🤖 AI Summary
Automated hyperparameter learning in variational regularization—particularly within bilevel optimization frameworks—is hindered by the inability to compute exact objective values and hypergradients, preventing reliable step-size selection due to unknown Lipschitz constants.
Method: We propose an adaptive bilevel optimization method that requires neither exact function evaluations nor gradient computations.
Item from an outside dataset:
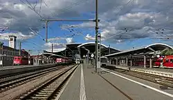 Zum Fahrplanwechsel im Dezember 2005 wurde die Nordseite des Hauptbahnhofs offiziell in Betrieb genommen.[17] Er bestand aus einer „halben“ Glashalle im Obergeschoss, die den neu eröffneten nördlichen Inselbahnsteig mit den Gleisen 1 und 2 und teilweise den Mittelbahnsteig überspannt, sowie der Geschäftspassage im Erdgeschoss und der Tiefgarage.

Contribution/Results: Our approach introduces (1) the first adaptive accuracy control mechanism based on inexact hypergradients, and (2) a coupled backtracking line search that jointly adapts computational accuracy and step size—eliminating dependence on pre-specified Lipschitz constants or manual tuning. We validate the method on total variation denoising, Field of Experts, and multinomial logistic regression, demonstrating high efficiency, robustness, and weak sensitivity to initial accuracy and step-size choices. This provides a reliable, practical paradigm for hyperparameter estimation in imaging and data science.
📝 Abstract
Various tasks in data science are modeled utilizing the variational regularization approach, where manually selecting regularization parameters presents a challenge. The difficulty gets exacerbated when employing regularizers involving a large number of hyperparameters. To overcome this challenge, bilevel learning can be employed to learn such parameters from data. However, neither exact function values nor exact gradients with respect to the hyperparameters are attainable, necessitating methods that only rely on inexact evaluation of such quantities. State-of-the-art inexact gradient-based methods a priori select a sequence of the required accuracies and cannot identify an appropriate step size since the Lipschitz constant of the hypergradient is unknown. In this work, we propose an algorithm with backtracking line search that only relies on inexact function evaluations and hypergradients and show convergence to a stationary point. Furthermore, the proposed algorithm determines the required accuracy dynamically rather than manually selected before running it. Our numerical experiments demonstrate the efficiency and feasibility of our approach for hyperparameter estimation on a range of relevant problems in imaging and data science such as total variation and field of experts denoising and multinomial logistic regression. Particularly, the results show that the algorithm is robust to its own hyperparameters such as the initial accuracies and step size.